Сморщившись от досады, Константин Андреич подкладывал под «Столичную» деньги, и, сопровождаемые растроганными глазами Кузьмы, они выходили обратно на холод. Собаки с отчаянным воем и визгом бросались к рукам их, лизали, дышали. Константин Андреич и Валечка опускались на корточки, целовали горячие собачьи лбы, гладили загривки, прощались и, грустные, за руку, хрустели снежком по дороге на станцию.
Тусе, к сожалению, было не до воспитания дочери по очень серьезной и веской причине. У Туси явился жених. В своей новой, отливающей розоватым блеском шубке, в новых меховых ботинках, с ресницами, слипшимися на морозе, но черными, как у царицы Тамары, счастливая, томная Туся сообщила Анне, что к весне собирается выйти замуж и ждет только возвращения старшей сестры Муси из Народного революционного демократического Китая.
– Ты ей, что, сказала, что замуж выходишь?
– Я ей сообщила в письме, – нетвердо ответила Туся. – Что есть человек и влюбленный без памяти.
– А то, что ты замуж выходишь? – повторила Анна.
– Ну, замуж потом. – Туся вся покраснела. – И люди живут и без всякого «замуж». Вон Муська-то вышла, и что? Хорошо ей? Василий ведь просто Малюта Скуратов.
Пристрастие к киноискусству не ослабевало в Тусиной душе, несмотря на грубый быт и трудности офицерского общежития.
– Я его в воскресенье к деду с бабой приведу, – опустив ресницы, прошептала Туся. – Ну, к вам-то, конечно, красивей бы было...
Анна промолчала.
– Анюта! – вдруг вспыхнула Туся. – А ты мне не нравишься, честное слово! Чего ты таишься? Он что, тебя бьет?
Анна отшатнулась от неожиданности:
– Да ты одурела!
– Ну, я-то, конечно! Я с детства у вас в «одурелых» хожу, – дипломатически ответила Туся. – И дочь родила, и мужа схоронила, и одна на кусок хлеба зарабатываю, и себя в чистоте содержу, а все: «одурела». – Махнула рукой в красной вязаной варежке. – Куда мне до вас? Вы умные все, все ученые. Муська в Китай умахнула, а я письма от нее распечатывать боюсь: открою, а там похоронка.
– Какая еще похоронка? – перепугалась Анна.
– Такая! – прошипела Туся. – Ты что, похоронок не знаешь? «Гражданка Мария Иванна Забелина была обнаружена на дне реки Янцзы, утопленной в этой реке своим мужем, товарищ Забелиным, отбывающим срок наказания в сибирских рудниках». И что-нибудь в этом же роде...

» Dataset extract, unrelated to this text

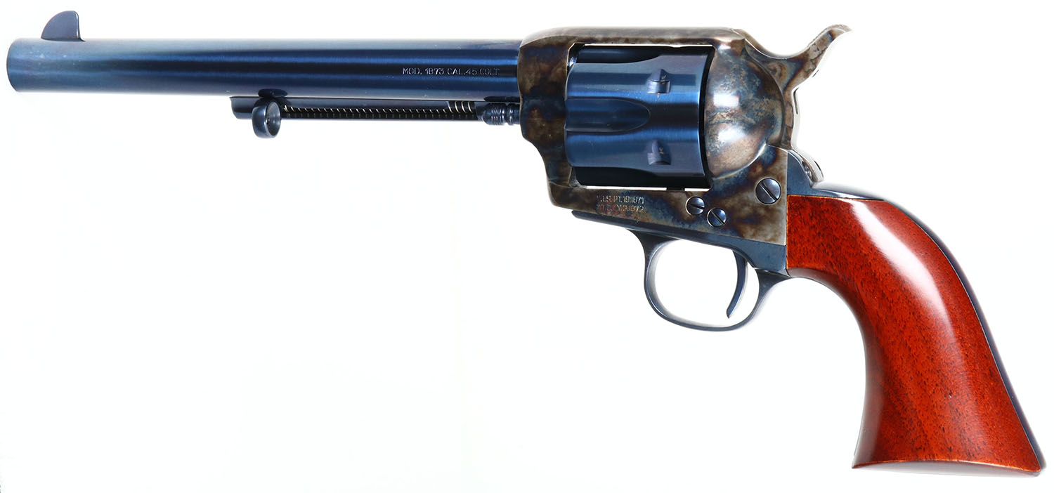 CASED, A. Uberti, Model 1873 Cattleman, CAL: 45 COLT, MFG: Modern, SN: UC6341, Single Action Revolver, 7 1/2'' barrel. The wood grips are excellent. The charcoal-blue metal finish on the barrel, cylinder & trigger guard is excellent, rating 99%+. The frame & hammer are case-hardened, retaining full case-colors. Bore is excellent. Groove & blade sights. Comes in a custom wood case, with red interior. Included in the case is paperwork, a cleaning kit in a orange metal container, (6) snap caps, lock/key & case keys. FFL Req. - Value: 700 to 1000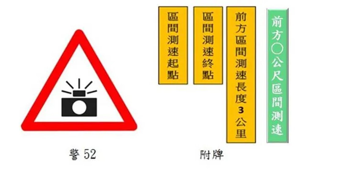 間測速大都使用在封閉或半封閉路段,且以常違規或易肇事的路段為主,實施區間測速的路段會設置「警52」警告牌面,一般道路設於起點前方100-300公尺(高快速公路為300-1000公尺),附牌文字為「前方區間測速長度○公里」。在實施測速路段內必須依速限規定行駛,因速率係以平均值認定,故偶然不慎超速應不至於立刻構成違規,後續再注意減速即可,亦即存有補救之機會(固定桿則無)。

Анна схватилась за Тусин воротник и принялась хохотать.
– Икать ведь начнешь, – сообщила ей Туся.
– Туська, по тебе театр плачет!
– Театр-то, может, и плачет. Пусть плачет, мы люди простые. А в жизни побольше вашего понимаем. Ты думаешь, я про тебя ничего не вижу?
Анна перестала смеяться.
– И что ты такого увидела?
– Учти! Я сама догадалась. Могу объяснить тебе как. По глазам. И проще, чем репа.
– По чьим? По моим?
– А по чьим же еще? Ивана Иваныча? Анюта, ты помнишь, мы с Нюськой и Муськой, как в школу вставать, всегда мрачные были, угрюмые, злые. Со сна вообще злыми бывали. И мама всегда говорила: у нас это все от глистов. Дались маме наши глисты! Ну, глисты... А ты просыпалась – как солнышко! Нет, Анька, ей-богу! И вдруг тебя как подменили. И ты, и не ты. Я вот про себя думаю: что бы это могло быть? Ну, вот: что? Сергей от тебя пока не загулял? Да он и вообще не из этих. Не кобель. Он верный мужик, и не в нем, значит, дело.
– А в ком?
– В ком, в ком! А может, в тебе! А может быть, ты у нас, Анька, влюбилась!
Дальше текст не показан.